We have isolated T cell receptor (TCR) cDNAs from fluorescein (FL)-specific human T cell clones (alpha-FL-beta-FL), and transferred them to TCR-beta- Jurkat cells in order to study direct FL-binding to the TCR. Using either FL-conjugated polymers (FL-polymer) or FL-substituted Sepharose beads, we are able to demonstrate the direct binding of antigen to the T cell surface, and the functional activation of the T cell transfectants. We present evidence against the involvement of major histocompatibility complex (MHC) molecules or antigen presentation in the interaction of FL with the alpha-FL-beta-FL transfectants.
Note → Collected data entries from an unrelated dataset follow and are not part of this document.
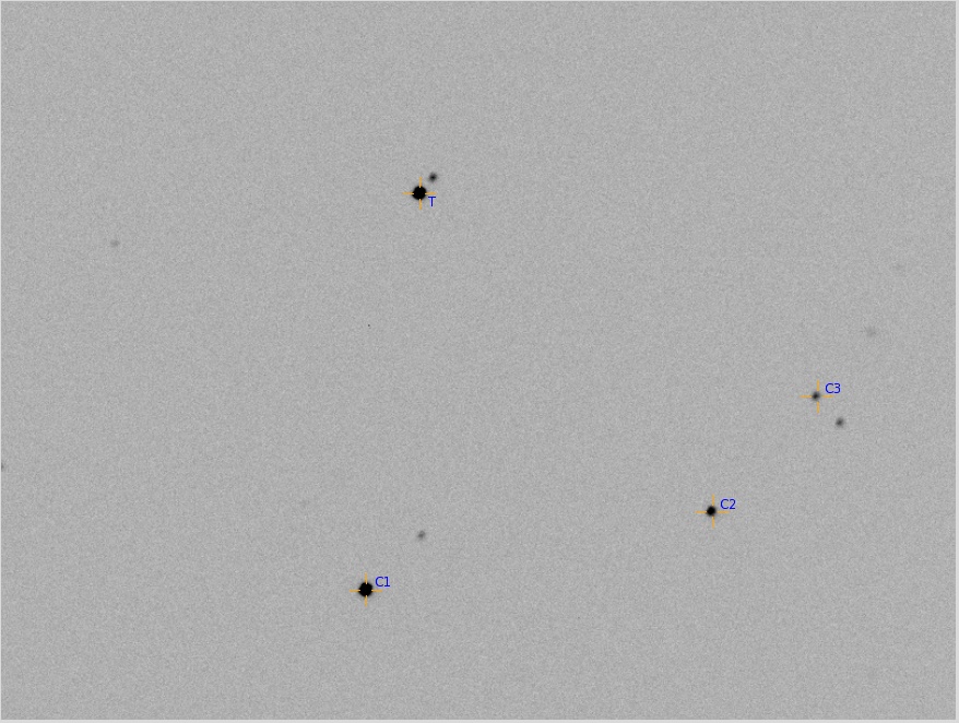 Note:CBB Filter Used. Full moon. Exposures 30s, binned 2x2. Weighted ensemble photometry using apertures (10, 11, 15). Many images rejected due to poor guiding. Each data point is average of 6 readings.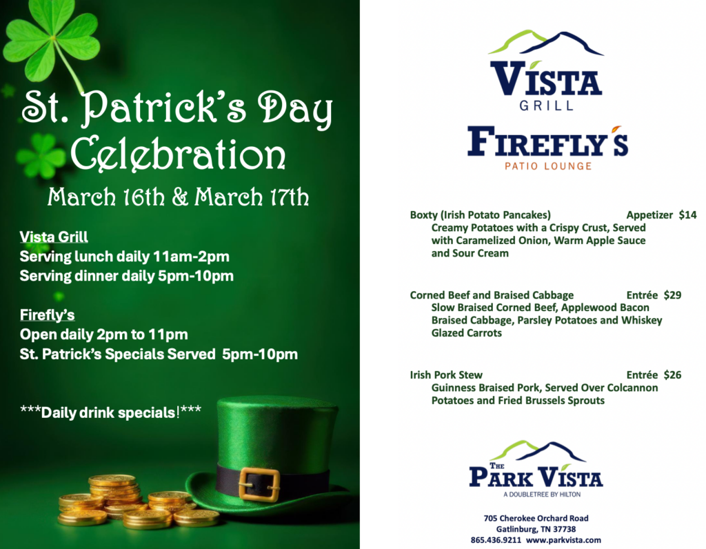 Located inside The Park Vista – a DoubleTree by Hilton Hotel, The Park Vista Grill offers stunning mountain views alongside delicious dining. For St. Patrick’s Day, guests can enjoy seasonal food and drink specials in a relaxed, scenic setting. It’s the perfect spot for those looking to celebrate with classic flavors while overlooking the Smoky Mountains. Whether you’re visiting for lunch or dinner, this elevated dining experience adds a little extra charm to your holiday plans.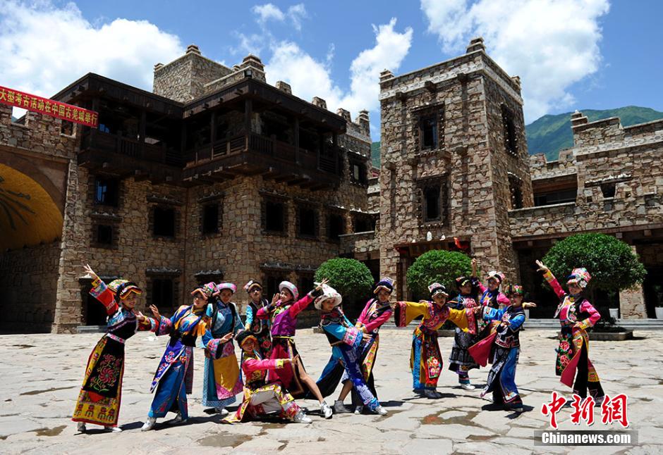 On July 12, 2014, the national fitness team members dressed in the traditional costumes of Qiang girls show both traditional and modern beauty in the run-up to Hong Kong Federation of Bodybuilding and Fitness (HKFBF) International Bodybuilding and Fitness Invitation Championship. (Chinanews.com/ An Yuan)

Additionally, we have examined the effect of ring substitutions on the FL molecule as well as specific alterations of substituents attached to the 5' position, and we have found that all of them interfere with the functional recognition of the alpha-FL-beta-FL TCR. These experiments demonstrate that TCRs like antibodies have intrinsic affinities for antigen, even without the involvement of MHC molecules.